This study addresses the challenge of coordinated optimization of electric vehicle (EV) charging and residential energy management for prosumer households with high photovoltaic (PV) penetration but limited battery storage capacity, aiming to alleviate grid stress and support system decarbonization. Using hourly real-world data from 90 German-speaking households over a full year, augmented with synthetic simulations, we comparatively evaluate deep reinforcement learning (DRL), model predictive control (MPC), and rule-based strategies. Our key contribution is the first empirical demonstration that, under low-battery-capacity conditions, DRL significantly improves PV self-consumption (+12.3%) and cost savings (+9.8%) over MPC and rule-based baselines. Critical control levers identified include frequent short-duration EV charging, early grid connection, and prioritized use of PV surplus. Conversely, algorithmic gains vanish as battery capacity increases, thereby empirically delineating the operational boundary of DRL’s effectiveness in residential prosumer energy management.

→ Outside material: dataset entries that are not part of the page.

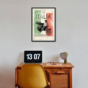 Quadro decorativo vintage vespa itália 45x34cm Moldura: madeira branca Informações do produto tire todas as suas dúvidas no descritivo abaixo: decoração para quarto, sala, cozinha, escritório, área gourmet e muito mais. Chega de paredes vazias. Medidas - cada peça tem 45x34cm a3 . Material do papel - papel fotográfico brilhante de altíssima resolução acabamento - todos os quadros são acompanhados de uma película de acetato para proteção da imagem. - os quadros são embalados de forma segura com plástico bolha com camada dupla de acordo com o tamanho dos quadros. Garantia - garantia de 3 meses. Meu quadro chegou. Como posso fixá-lo Você precisa apenas de um martelo e um prego, pois os quadros já vão acompanhados de penduradores. Esta é a forma mais indicada. Caso prefira, você pode utilizar uma fita dupla face neste caso, sugerimos de alta qualidade para evitar que descole e seu quadro caia . Como posso limpar meu quadro A limpeza é feita como um móvel comum da sua casa. Apenas um pano seco ou espanador são suficientes para tal
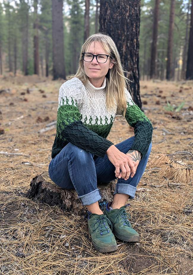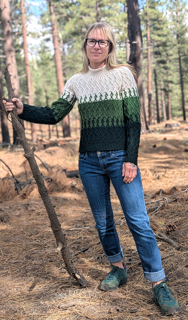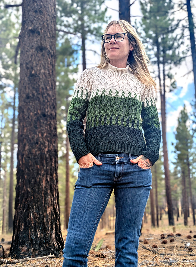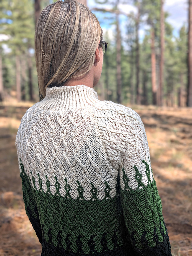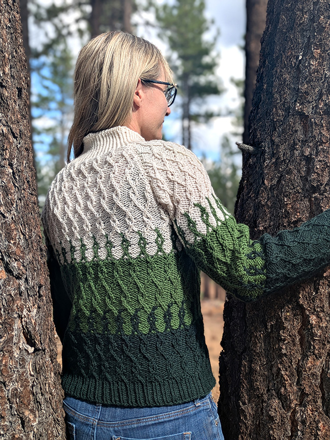 Inspired by the beautiful forestry of the Sierra Nevadas, Between the Trees blends three colors in a gradient fashion. The Twisted Trees stitch pattern is worked with a single color in some instances, and in two colors during the blending sections. During these "blending sections", hold both colors together throughout the round, changing colors using the stranded method. And don't worry – there are no color changes done flat – only in the round!
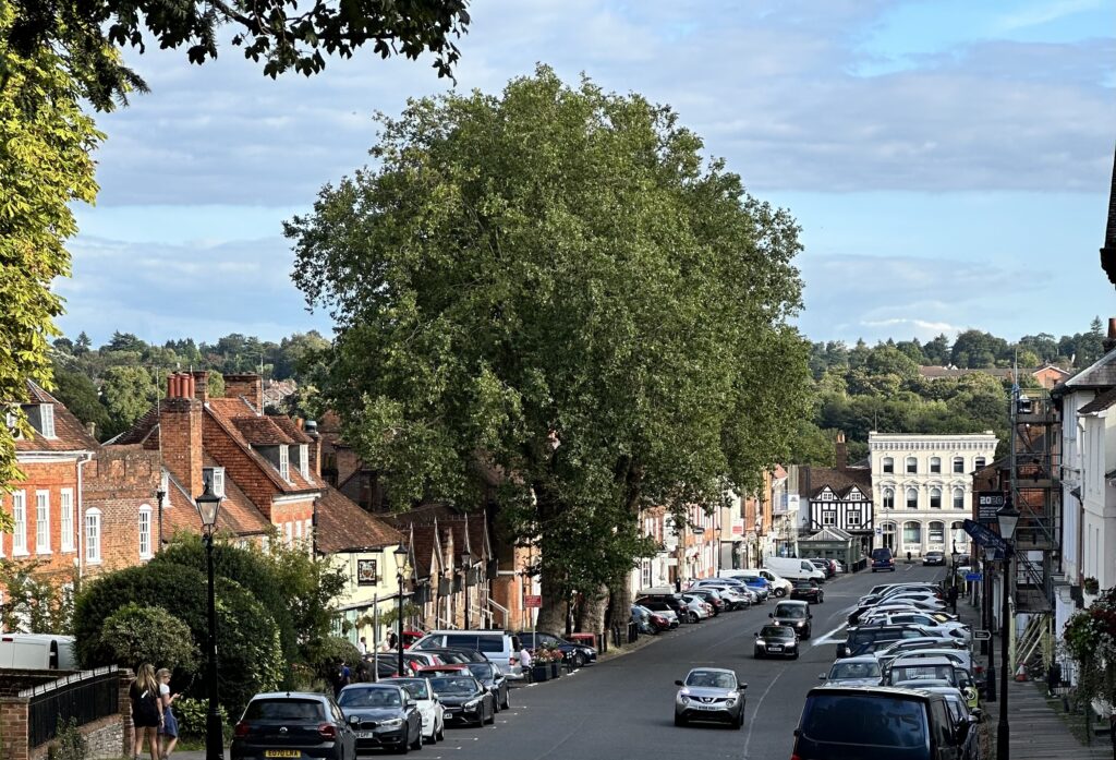 We walk down the steps and into the market town with its Georgian architecture – very beautiful although always spoilt by cars parked either side of the road. We stop at The Mulberry for well earned drinks before catching the train back to Alton; and that’s Leg 3 done.
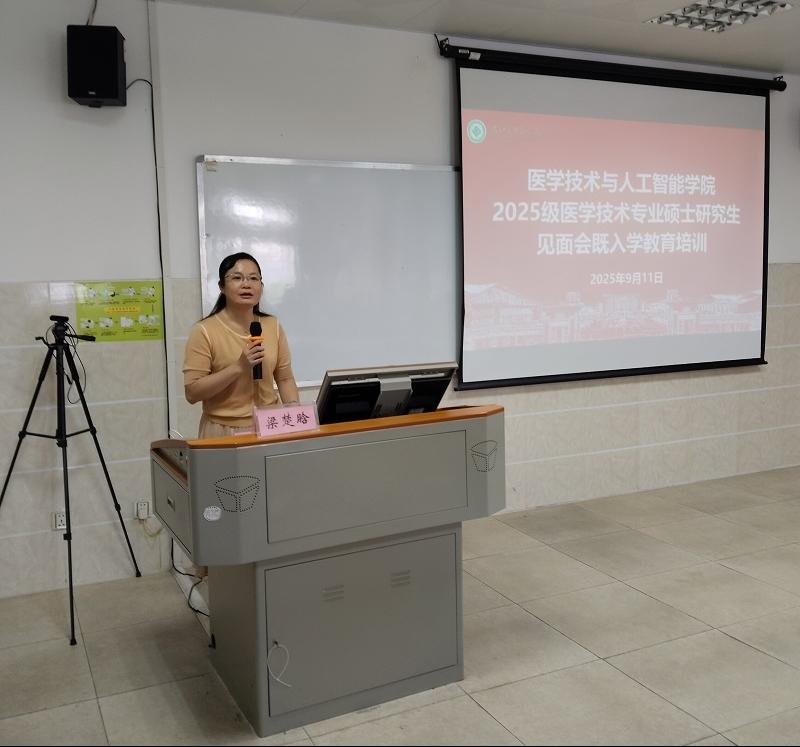 入学教育培训环节由梁楚晗副书记主持,重点介绍了研究生培养与管理相关要求。通过系统培训,同学们纷纷表示收获颇丰,对学院和研究生培养体系有了更全面的认识,进一步明确了学术目标与行为准则。大家承诺,将牢记学院领导的嘱托,以严谨的治学态度、勇于探索的精神和诚信守正的品格,在“医智融合”的新征程中奋力拼搏,不负期望,书写精彩的学术人生。

Efficient energy management in prosumer households is key to alleviating grid stress in an energy transition marked by electric vehicles (EV), renewable energies and battery storage. However, it is unclear how households optimize prosumer EV charging. Here we study real-world data from 90 households on fixed-rate electricity tariffs in German-speaking countries to investigate the potential of Deep Reinforcement Learning (DRL) and other control approaches (Rule-Based, Model Predictive Control) to manage the dynamic and uncertain environment of Home Energy Management (HEM) and optimize household charging patterns. The DRL agent efficiently aligns charging of EV and battery storage with photovoltaic (PV) surplus. We find that frequent EV charging transactions, early EV connections and PV surplus increase optimization potential. A detailed analysis of nine households (1 hour resolution, 1 year) demonstrates that high battery capacity facilitates self optimization; in this case further algorithmic control shows little value. In cases with relatively low battery capacity, algorithmic control with DRL improves energy management and cost savings by a relevant margin. This result is further corroborated by our simulation of a synthetic household. We conclude that prosumer households with optimization potential would profit from DRL, thus benefiting also the full electricity system and its decarbonization.